Methodological quality of the review: Low confidence
Author: Taban M, Behrens A, Newcomb RL, Nobe MY, Saedi G, Sweet PM, McDonnell PJ.
Region: Europe, United States, Canada, India, Africa, Australia, Turkey, Nepal, Pakistan, Japan, New Zealand. One study covered Israel, Malaysia, Russia, Saudi Arabia and Singapore.
Sector: Cataract surgery, endophthalmitis
Sub-sector: Clear corneal incisions
Equity focus: None specified
Review type: Effectiveness review
Quantitative synthesis method: Regression analysis
Qualitative synthesis methods: Not applicable
Cataract extraction has undergone remarkable technological progress, where small incision phacoemulsification became possible in the late 1980s. Self-healing clear corneal incision was introduced in 1992 and since then, clear corneal incisions have increased in popularity over limbal and tunnel incisions among surgeons, especially in the United States and Europe. Endophthalmitis is a rare intraocular infection which occurs most commonly as a complication of intraocular surgery and can cause severe visual impairment. The reported incidence of endophthalmitis varies by procedure and across studies. However, recent studies have associated the increasing incidence of endophthalmitis with the development of clear corneal incisions.
To determine the reported incidence of acute endophthalmitis following cataract extraction over time and to explore possible contributing factors, such as type of cataract incision.
The systematic review included 215 studies, all of which addressed post-cataract (primary or secondary cataract surgery with or without intraocular lens implantation) endophthalmitis occurrence. It is not clear the types of studies included in the review.
Studies included were conducted in a number of high-, and low- to middle-income countries (see geographical coverage).
From the 215 included studies, a total of 3,140,650 cataract extractions were pooled resulting in an overall rate of 0.128% of post-cataract endophthalmitis. A significant increase in endophthalmitis rate was identified since 2000 compared with previous decades: 0.256% in 2000-2003, 0.087% in the 1990s, 0.158% in the 1980s and 0.372% during the 1970s.
An upward trend in rates after 1992 was noted, suggesting that incision type influenced risk. Endophthalmitis following clear corneal cataract extraction during 1992 and 2003 was 0.189% compared with 0.074% (relative risk, 2.55 [95% confidence interval, 1.75 -3.71]) for scleral incision and 0.062% (relative risk, 3.06 [95% confidence interval, 2.48-3.76]) for limbal incision.
Overall, authors concluded that the incidence of endophthalmitis associated with cataract extraction had increased over the last decade (review conducted in 2005).

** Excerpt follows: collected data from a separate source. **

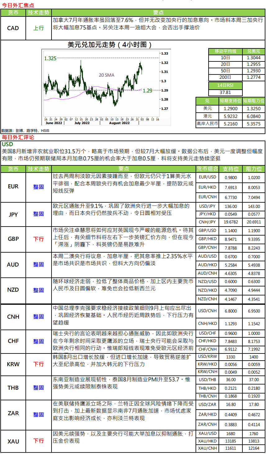 · 本周市场要留意的因素众多,单是今天(5 日) ,英国保守党将公布新党魁人选。而这位党魁亦将自然成为英国的新首相。而市场普遍相信在今次党魁之争中,如无意外卓慧思将会胜出。她上任后首要处理是现时英国所面对的「滞涨」问题,即面对高通胀率同时,经济走弱。而她曾透露过会以减税形式舒缓市民的电费压力,但具体方案如何待其上任后油组将必须交代。另外同为今天,油组将开大会。面对油价(纽约期油)跌破 90 美元水平,沙特阿拉伯上周已不断暗示要减产应对。油组会否支持今天将自有分晓· 本周有数间央行议息。周二有澳央行,市场估计将加息半厘。周三有加央行,市场同为估计将加息半厘。而周四则有欧央行。面对欧洲通胀率大幅攀上 9.1%水平,市场估计本周欧央行将最少加息半厘,甚至有机会加息 75 基点。但是,由于俄罗斯于过去周末宣布暂停「北溪一号」管道的天然气供应,这或会影响本周欧央行的加息决定· 经济数字方面,本周重点多落在内地身上。本周三及周五,内地将分别公布 8 月贸易收支及 8 月生产物价指数数字。该两数字相信均能反映内地经济的最新状况。受疫情反复所影响,中国内部经济已见转弱,推动经济更需依赖出口支撑。所以贸易数字将变得重要。至于通胀,是现今环球最关心的环节,中国作为生产大国,相信大家也关注其生产物价
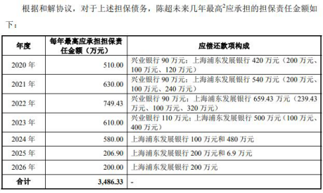 根据和解协议,对于上述担保债务,陈超未来几年最高应承担的担保责任金额合计3486.33万元。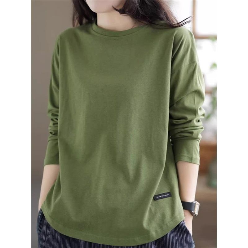 Autumn And Winter Vintage Solid Color Long Sleeved Loose T Shirt Base Shirt

This trend coincides with the development of sutureless clear corneal incisions. They also note that most reports to date (2005) looking at the rate of endophthalmitis are limited to small sample sizes or the individual experiences of groups of surgeons or institutions. As a result, future research should be more thoroughly studied in ‘large-scale prospective trials’.

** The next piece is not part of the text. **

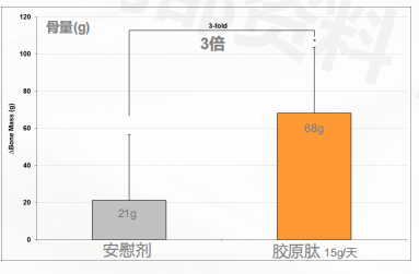 研究表明,每日服用3支Klarity小蜡笔胶原蛋白,3个月后可以观察到骨密度显著上升,与安慰剂组相比,口服胶原肽,骨量增加了68g,是安慰剂组的3倍。

Inclusion criteria of studies consisted of studies written in English; examined human cases; examined primary or secondary cataract surgery with or without intraocular lens (IOL) implantation; and addressed postcataract endophthalmitis occurrence.
Authors conducted literature search on two databases, PUBMED and Cochrane, from 1963 to 2003; manually searched reference lists of original reports and review articles; reviewed major ophthalmic textbooks, key publishing proceedings and scientific session electronic abstracts (2001-2003). Although authors reported the process of study identification and data abstraction, it is not clear if these were conducted by two reviewers.
Authors conducted a weighted regression analysis to portray how postoperative infection rates were changing from 1964 to 2003. This period was also divided into two sub-periods to analyse the impact of the development of clear corneal incision technique.
Due to the small sample sizes and differing methodological approaches of the included studies (including varying definitions of endophthalmitis, and complications around the miscoding of endophthalmitis), it was recognized that there are limits to the statistical validity of the findings and the general applicability of the research.
Although the review included studies from a range of countries (as described above) including low- and middle-income countries, it was not possible from the review to draw conclusions regarding the applicability of findings to different settings.
The literature search covered relevant databases and reference lists in included studies, but authors/experts were not contacted for additional studies and the search was restricted to published English-language studies. Therefore, we could not be confident that relevant studies were not omitted. Characteristics of included studies such as intervention details, participants and outcomes were not reported by the authors. Additionally, the authors did not provide information on how many reviewers screened articles for their eligibility for inclusion in the review as well information on data extraction. As such, it was not possible to determine the appropriateness of the meta-regression analysis, the quality and risk of bias assessment of heterogeneity of included studies. However, authors concluded that there is clear evidence to support the notion that post-surgical acute endophthalmitis following cataract extraction has been increasing in the past decade and that this trend is associated with the increase prevalence of self-sealing clear corneal incision technique. Therefore, low confidence in the conclusions about the effects was attributed to this study.